SECTION I.                AMENDMENTS TO LOAN AGREEMENT.

         The Loan Agreement is amended as follows:

         A.      On and after the effective date of this Fourth Amendment, each
reference in the Loan Agreement to "this Agreement," "hereunder," and "hereof,"
or words of like import referring to the Loan Agreement shall mean and refer to
the Loan Agreement, as amended by the First Amendment, the Second Amendment,
the Letter Agreement, the Third Amendment, and this Fourth Amendment.  The Loan
Agreement, as amended by the First Amendment, the Second Amendment, the Letter
Agreement, the Third Amendment, and this Fourth Amendment, is, and shall
continue to be, in full force and effect and hereby is ratified and confirmed
in all respects.

         B.      On and after the effective date of this Fourth Amendment, each
reference in the Loan Agreement, as amended, to "Borrower" or words of like
import referring to Borrower shall mean, refer to, and include ECA, Inc. and
shall hereinafter be treated as referring to "Borrowers" on a collective basis
and in the aggregate.

         C.      Grant of Security Interest.  To secure the prompt payment and
performance of the Obligations, ECA, Inc. hereby grants to Bank in accordance
with the provisions of Section 4.1 of the Loan Agreement, as amended, a
continuing security interest in and to all of the Property of ECA, Inc.
described in Section 4.1(A) through (G) of the Loan Agreement, as amended,
whether now owned or existing or hereafter acquired or arising and wheresoever
located.

         D.      Paragraphs (MM) and (JJJ) of Section 1.1 of the Loan Agreement
are amended in their entirety as follows:

                 (MM)     Promissory Note.  The Promissory Note executed by TT
         and delivered to Bank, dated June 21, 1991, as amended by (1) the
         First Amendment To Promissory Note, executed by TT and delivered to
         Bank, dated December 10, 1992, (2) the Second Amendment To Promissory
         Note, executed by TT and delivered to Bank, dated August 2, 1993, and
         (3) the Third Amendment To Promissory Note in the form attached to the
         Fourth Amendment as Exhibit A (with such changes or modifications, if
         any, to which Borrowers and National Canada Finance Corp. may agree)
         evidencing the Revolving Loan made by National Canada Finance Corp.
         pursuant to Section 2.1(A) of this Agreement, together with all
         amendments thereto and all notes issued in substitution therefor or
         replacement thereof.





                                      -3-
   4


                 (JJJ)    Term Note.  The Term Note executed by TT and
         delivered to Bank, dated August 2, 1993, as amended by the First
         Amendment To Term Note, in the form attached to the Fourth Amendment
         as Exhibit B (with such changes or modifications, if any, to which
         Borrowers and National Canada Finance Corp. may agree) evidencing the
         Term Loan made by National Canada Finance Corp. pursuant to Section
         2.2(A) of this Agreement, together with all amendments thereto and all
         notes issued in substitution therefor or replacement thereof.

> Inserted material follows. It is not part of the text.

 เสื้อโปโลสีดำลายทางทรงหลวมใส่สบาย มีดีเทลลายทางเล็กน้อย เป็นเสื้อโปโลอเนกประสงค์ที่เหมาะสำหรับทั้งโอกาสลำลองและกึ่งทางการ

SECTION II.               REPRESENTATIONS, WARRANTIES AND COVENANTS OF
BORROWERS.

         Each Borrower represents, warrants, and covenants that it has good and
marketable title to the Collateral free and clear of all liens, claims,
mortgages, security interests, pledges, charges or encumbrances whatsoever
(other than Permitted Liens or as have otherwise been permitted by Bank
pursuant to the Loan Agreement, as amended), except as have been granted to
Bank.

         A.      To the extent such representations, warranties and covenants
pertain to or are to be performed by Borrowers, all representations, warranties
and covenants in the Loan Agreement, as amended by the First Amendment, the
Second Amendment, the Letter Agreement, and the Third Amendment, shall continue
and be binding on Borrowers under this Fourth Amendment.

SECTION III.              CONDITIONS PRECEDENT.

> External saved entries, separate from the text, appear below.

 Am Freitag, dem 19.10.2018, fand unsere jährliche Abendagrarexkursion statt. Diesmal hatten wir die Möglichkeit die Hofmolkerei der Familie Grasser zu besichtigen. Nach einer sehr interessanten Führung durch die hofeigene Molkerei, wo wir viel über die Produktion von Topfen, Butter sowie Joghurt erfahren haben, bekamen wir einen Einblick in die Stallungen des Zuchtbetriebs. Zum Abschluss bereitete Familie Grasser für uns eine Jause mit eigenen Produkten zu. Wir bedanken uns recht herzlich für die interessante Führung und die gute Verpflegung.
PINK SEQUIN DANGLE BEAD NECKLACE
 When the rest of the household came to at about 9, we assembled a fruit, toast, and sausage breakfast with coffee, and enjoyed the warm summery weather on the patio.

         Each Borrower acknowledges that the effectiveness of this Fourth
Amendment is subject to the receipt by Bank of the following documents on the
date of this Agreement, all in form and substance satisfactory to Bank and its
counsel:

                 A.       A certified copy of resolutions of Members of the
         Board of Directors of each Borrower approving this Fourth Amendment
         and all of the matters described in this Fourth Amendment, and
         authorizing the execution, delivery, and performance by Borrowers of
         this Fourth Amendment, the Third Amendment To Promissory Note, the
         First Amendment To Term Note, and every other document required to be
         delivered pursuant to this Fourth Amendment.

                 B.       The Third Amendment to Promissory Note executed by
         Borrowers and accepted by Bank in substantially the same form as is
         attached to this Fourth Amendment as Exhibit A.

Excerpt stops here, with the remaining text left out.